Piekło na Ziemi: Reloaded zaczyna się tuż po tym. Jasne - świat ma dalej swoje problemy - wciąż jest co robić - dalej jest syf, zniszczenia, potwory i być może wojna domowa wśród zwycięzców. Ale to jest blady cień sytuacji wyjściowej w Piekle na Ziemi Classic. Tam gracze byli saperami siedzącymi na tykającej bombie, tutaj są sprzątaczkami - okej, źli kolesie nie zostali pokonani do końca - ale jeśli w The Unity szwarcchataktry dały z siebie wszystko i nie wygrały, to teraz już aż tak nie straszą. I nie ma już Konwoju. Szkoda, bardzo lubiłem, po co było rezygnować z takiego fajnego pomysłu?
A od dobrej strony?
Czy jest storylinia, którą przyjąłem pozytywnie z całym dobrodziejstwem inwentarza?Ha! Dobre pytanie. Bo wiecie, ja dalej lubię L5K, 7th sea i Deadlands. I jeżeli w ichnich storyliniach trafię na coś, co mi się spodoba, to to sobie wezmę i zrobię z tego scenariusz. Po prostu nie czuję się zobowiązany brać wszystkiego jak leci.
Ale czy był taki przypadek, że przyjąłem zmiany międzyedycyjne z całym dobrodziejstwem inwentarza? Tak. To była II edycja Warhammera. Tam pomiędzy I ed. a II ed. przydarzyła się Inwazja Chaosu. Już machnąłem ręką na to, że rękami NPCów - WFRP kładzie na nich mniejszy nacisk, a i bohaterowie z definicji są mniej heroiczni, poza tym główną rolę odegrały anonimowe armie a nie Karl Franz osobiście bijący się z Archaonem. Ale dlaczego mi się podobała?
- Bo dodała nowe możliwości nie niszcząc starych. Wszystkie ważne elementy będące siłami napędowymi konfliktów w I edycji dalej istnieją, a doszło kilka nowych możliwości - np. uchodźcy, czy postchaosapokalipsa. Ale nikt nie zabił Nurgla. Jedyną ofiarą był Malal zamordowany przez prawa autorskie.

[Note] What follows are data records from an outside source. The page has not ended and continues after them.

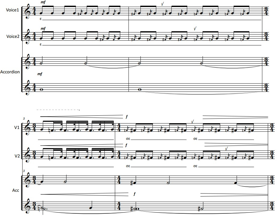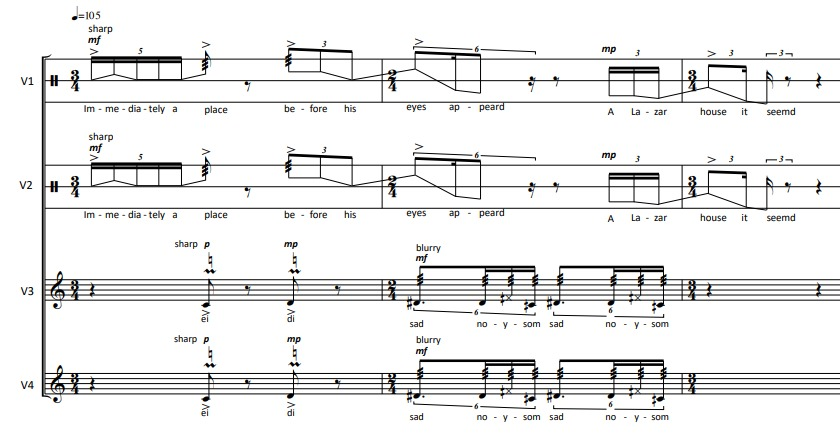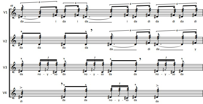 Another prominent texture of the piece is the long drones, consisting of phonemes or relics of the text used. This results in forceful events, since, most of the times, the 4 singers perform them simultaneously, heterophonically (in the first example) or with a harmonic-vertical approach.
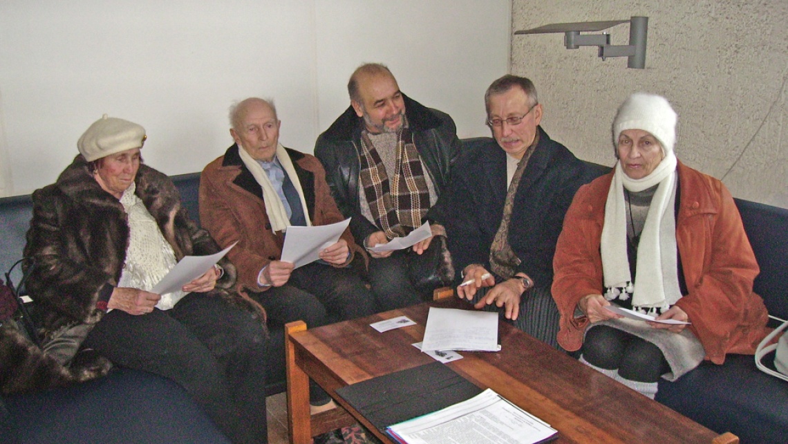 Grupelė Šiaulių miesto savivaldybės gyventojų, atvykę į savivaldybę pasikalbėti su miesto vadovais dėl stringančios renovacijos
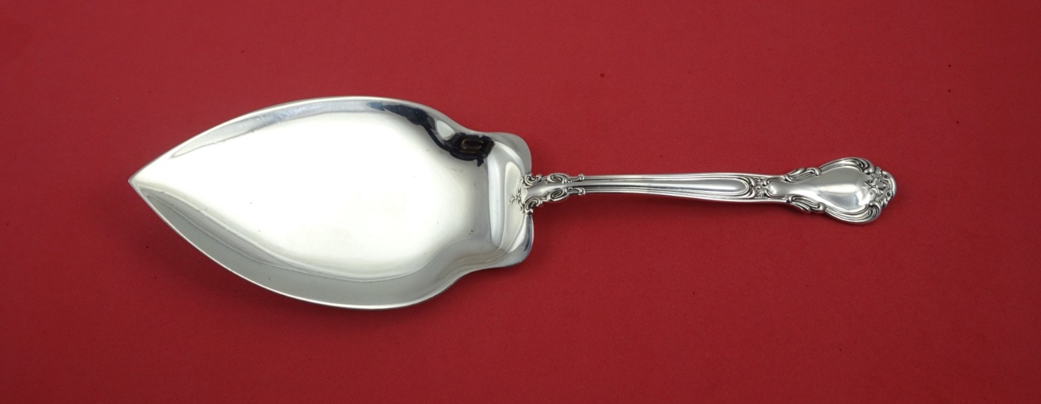 Sterling silver flat handle all sterling Pie Server with plains shoulders, 9 1/4" in the pattern Chantilly by Gorham. It is not monogrammed and is in excellent condition.

- Bo WFRP nie jest tak skupione na konkretnych miejscach, konfliktach i osobach jak Deadlands, L5K czy 7th sea. Nie miało dodatków opisujących każdą z prowincji, które były fajne, a teraz poszły do piekła.
- Bo sama Burza Chaosu trwała ledwie chwilkę - to nie jest 40 lat z L5K. Świat nie zdezaktualizował się przez sam upływ czasu.
- Bo tu zmiany były potrzebne. Wiecie... to sprawa indywidualna, ale w przypadku WFRP od wydania pierwszej edycji do drugiej minęło jakieś 20 lat. Nawet polskie edycje dzieliło od siebie lat 11. Trzeba było wpuścić trochę świeżego powietrza - a i tak świat poszedł do przodu tylko kawałeczek. Natomiast L5K w 8 lat naszego rzeczywistego czasu (I edycja to 1997 a III wyszła w 2005) pognało 40 lat. Nie wiem ile sesji miesięcznie musiałbym zagrać, żeby za tym nadążyć. Ale na pewno kilkakrotnie więcej niż gram, a i tak musiałbym skupić się tylko na L5K.
Oczekiwania wobec settingu
Mój ideał settingu w jednym obrazku |
ponapinane, możne nawet trochę trzeszczy, materiał długo nie wytrzyma, zaraz ktoś albo naciśnie spust, albo puści ten dynks trzymający cięciwę i będzie się działo. Zaraz walnie. Musi być jak najwięcej sytuacji grożących gwałtowną eskalacją. Świat musi być jak bomba, która zaraz wybuchnie. Albo jak bardzo wiele bomb. Wtedy można się bawić nim długo - bo osobiście wychodzę z założenia, że jedną z ważniejszych cech settingu jest zarysowanie możliwie jak największej ilości konfliktów, w których będą uczestniczyć nasi gracze.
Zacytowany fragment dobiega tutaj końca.